Wenn man Menschen nach langer Zeit wieder sieht, ist ein solches Ereignis auch immer ein Spiegel fuer einen selbst. Erinnerungen haben sich manifestiert und deren Echtheit wird dann neu verhandelt. Wie haben sich die anderen veraendert und bin ich immer noch der alte? Was ist geblieben von damaligen Gefuehlen? Man lebt in verschiedenen Universen und kommt irgendwann wieder zusammen. Fast so, als wuerde man die Vergangenheit umschreiben und sich neu erinnern. Oder vielleicht eine Vermischung von alten und neuen Eindruecken, woraus etwas anderes wird – weder alt noch neu.

Anstoss fuer Reflexionen darueber gab mir mein USA-Besuch zum Jahreswechsel. Dort habe ich vor sechs Jahren fuer ein Jahr in einer Familie gelebt. Anlass der Reise dieses Mal, war die Hochzeit des aelteren Sohnes der Familie. Auf einmal habe ich die Religiositaet und die konservative Lebenshaltung ganz anders, viel bewusster wahrgenommen. Es hat mich ein wenig in Schock versetzt zu sehen, dass diese Menschen mich massgeblich beeinflusst haben. Auf der anderen Seite will ich diese Zeit nicht missen und erinnere mich gerne an kontroverse Diskussionen mit meinen schraegen Gasteltern, die mir nichts desto trotz ans Herz gewachsen waren.

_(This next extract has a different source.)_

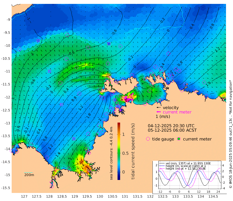 163cm/s 78T +4cm/s rms + 6cm/s 51T. Darwin_C1 52m 127cm/s 91T +4cm/s rms + 7cm/s -161T. Darwin_CW1 22m 79cm/s 73T +4cm/s rms + 8cm/s 61T. Darwin_CW2 34m 95cm/s 43T +3cm/s rms + 9cm/s 98T. Darwin_CW3 22m 127cm/s 89T +5cm/s rms + 7cm/s 88T. Darwin_C3 56m 80cm/s 65T +2cm/s rms + 9cm/s -126T. Darwin_CTbW 22m 8cm/s -12T +9cm/s rms + 2cm/s -110T. NWSLYN 196m 12cm/s 65T +1cm/s rms + 1cm/s -47T. DARBGF 30m 9cm/s -63T +7cm/s rms + 2cm/s -137T. ITFTIS 464m 16cm/s -33T +9cm/s rms + 1cm/s 74T. ITFMHB 146m 14cm/s -135T +4cm/s rms + 1cm/s -134T. ITFJBG 61m 19cm/s -70T +6cm/s rms + 4cm/s 121T. ITFFTB 108m 11cm/s 74T +4cm/s rms + 3cm/s 80T. NRSDAR 19m -119cm Carronade Island -128cm Guy Point -120cm Napier Broome Bay -2cm Lesueur Island 107cm Reveley Island 34cm Rocky Island 179cm Cape Domett 155cm Lacrosse Island 178cm Adolphus Island 114cm Pender Point 92cm Wyndham -24cm The Boxers 30cm Unnamed Shoal -98cm Loxton Shoal 210cm Pelican Island -48cm Calder Shoal -73cm Evans Shoal 216cm Quoin Island 210cm Port Keats 219cm Jones Point 142cm Catfish Island 134cm Cape Scott Offshore 156cm Cape Ford 164cm Anson Bay -38cm Goodrich Bank 141cm Peron Island North 139cm Point Jenny 139cm Native Point 155cm Fish Reef 168cm Tapa Bay 37cm Point Fawcett (Offshore) 190cm Burge Point 157cm Munkunuwa 112cm Beagle A 196cm Parsons Bank 180cm Fenton Patches -45cm Lynedoch Bank 190cm Hancox Shoal Area 190cm Nightcliff 215cm Darwin 181cm Charles Point Patches 163cm Glyde Point 122cm Chambers Bay 133cm Point Stuart 141cm Cape Hotham 113cm Christine Reef 140cm West Alligator Head 129cm East Field Island 113cm Two Hills Bay 48cm Newby Shoal 114cm Camp Point 163cm Medina Inlet South 33cm South Barlow Point -5cm St. Asaph Bay -32cm Cape Van Dieman -21cm Snake Bay -29cm Cache Point -127cm Echo Shoal -4cm Point Jahleel (Off) 55cm Cape Don 16cm Port Essington 13cm Smith Point - West 16cm NW Peacock Island -16cm North Of Jones Shoal -1cm Peacock Island 62cm Point David 26cm D'urville Point 16cm Money Shoal 66cm Copeland Island 80cm Cape Cockburn 50cm One Tree Point 78cm Hogmany Shoal 57cm New Year Island - West 65cm Grant Island 95cm Aurari Bay 117cm Cuthbert Point 88cm North Goulburn Island 126cm Paxie Shoal 148cm Entrance Island 176cm Yabooma Island

Bei solchen Begebenheiten, Zusammenkuenften nach Jahren des Nichtsehens, schwingt auch immer Nostalgie mit, die eigentlich ganz schoen ist und die man gar nicht kaputt machen moechte. Trotz dem Schwelgen in gemeinsamen Erlebnissen laesst sich das nicht ganz vermeiden. Genau die Emotionen wieder hervorzurufen, an die man sich gerne erinnert, ist unmoeglich, weil sie eben Vergangenheit sind und situations- und ortsbedingt sind und zeitlich fixiert, ja eingefroren sind. Auch Eigenschaften von Personen werden neu bewertet, aus einem anderen Blickwinkel betrachtet.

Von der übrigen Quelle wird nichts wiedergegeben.